Но все это – большое и малое, важное и случайное, мучившее всю жизнь и возникшее внезапно – на фоне единой центральной темы: о человеческом мире безумия и нелепости, насилия и лжи, о страшной судьбе в таком мире единственного нормального, здорового человека.

Торопятся, сталкиваясь друг с другом, темы, эпизоды, воспоминания, мысли, эмоции, далекие переживания, забытые, но воскресшие парадоксы, частные ненависти, случайные идиосинкразии, стремясь осуществиться, приобрести плоть и форму. Единственная, неповторимая книга: книга – мир! И кажется, будто долгие годы молчал человек, будучи лишен дара речи, и пришли к нему и сказали: у тебя будет этот дар, но на очень короткий срок, торопись же!

И человек превратился в вулкан, выбрасывающий лаву слов.

Так расшифровывается окончательная тайна «Гулливера». Такова эта, самая обширная, но одновременно самая личная книга, когда-либо написанная человеком. Словно великан мысли и страсти писал ее.

А читали – лилипуты.

Книгу было легко читать по отдельным, так сказать, страницам. И поэтому, задуманная как самая мрачная книга человечества, была воспринята она едва ли не как самая веселая; написанная специально для взрослых, перешла она в потомство как любимая книга детей.

Очень легко было читать в книге только веселые и сюжетные страницы. Успех был грандиозный. Читали – преимущественно эти страницы – до дыр, смеялись до колик.

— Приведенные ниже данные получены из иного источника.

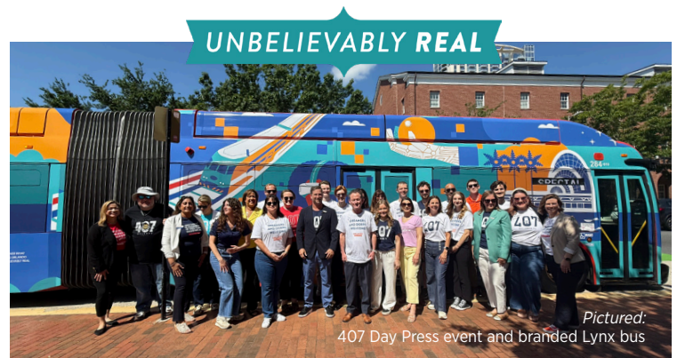
Pictured: 407 Day Press event and branded Lynx bus

Launched the Top 30 MSA Tool, sponsored by Duke Energy, now available at InvestOrlando.org

И рассказывали о книге современники Свифта, а в значительной степени и его потомки тем же методом, каким лилипуты произвели опись содержимого карманов Гулливера, – дотошно, детально, в чем-то внешне верно, но не поняв внутреннего смысла и значения описываемого.

Ценили и судили книгу по частям и даже по страницам. Восторгались – до сих пор восторгаются – «изумительным реализмом» Свифта, выразившимся в точности его арифметических выкладок: Гулливер больше лилипутов в двенадцать раз и меньше бробдингнегцев ровно в двенадцать раз, и в строго соответственной мере даны измерения всех предметов и вещей в Лилипутии и Бробдингнеге… Примечательный этот факт свидетельствует, впрочем, не столь о «реализме», сколь о педантизме Свифта – он не преминул запечатлеть в «Гулливере» и эту черту своего характера. Подлинный же реализм книги предпочли не увидеть.

Да и как было увидеть, если разъяли книгу на отдельные элементы – так разъяли лилипуты часы Гулливера, не умея найти внутренней гармонии частей.

Читатели целиком приняли первую часть, сочтя ее прекрасной детской книгой, хотя и написанной Свифтом с целью защиты Болинброка; отозвались в общем одобрительно о Бробдингнеге – логическое продолжение первой части, испорченное, однако, публицистическими отступлениями, сводящимися к брюзжанию обиженного жизнью старика; с большой строгостью оценили Лапуту – хаотическое смешение различных тем, сюжетов, эпизодов, отступлений и рассуждений, из коих одни занятны, другие утомительно скучны, а некоторые просто сведение Свифтом счетов с личными врагами; и начисто, целиком отвергли четвертую часть – монолог полупомешанного мизантропа, человеконенавистника, который предается злостной клевете на человечество…

И в итоге – книга перешла в потомство, предварительно очищенная от «клеветы», как веселая книга, написанная для детей.

Виноват ли в этом Свифт? Конечно! Вольно же ему было оставаться таким «нелитератором» и писать такую личную книгу, руководствуясь лишь одним, внутренним законом: исчерпать себя до дна!

Но пробовали и иным способом расщеплять книгу на волокна. Так делали те, кто задались соблазнительной целью – найти «положительный идеал» Свифта – и поторопились увидеть его в «натуральном хозяйстве» королевства Бробдингнег и страны гуигнгнмов… И не заметили пустяка: того, что Бробдингнег и гуигнгнмы существуют не как реальность и не как идеал, а только как условный композиционный момент, как возвышение, с которого удобнее всматриваться в единственную реальность, в равнину лилипутов, лапутян и еху. Расщепив же книгу на социологические волокна, пытались затем снова выткать ткань – привести в стройную мировоззренческую систему высказывания Свифта – и вновь всплеснули руками, возгласив о «непримиримых противоречиях» Свифта, об отсутствии единой центральной идеи в «Гулливере».

И опять-таки Свифт виноват. Вольно же ему было оставаться таким «немыслителем» (не чета Локку и Гоббсу!) и писать такую личную книгу, руководствуясь одним лишь внутренним законом: исчерпать себя до дна!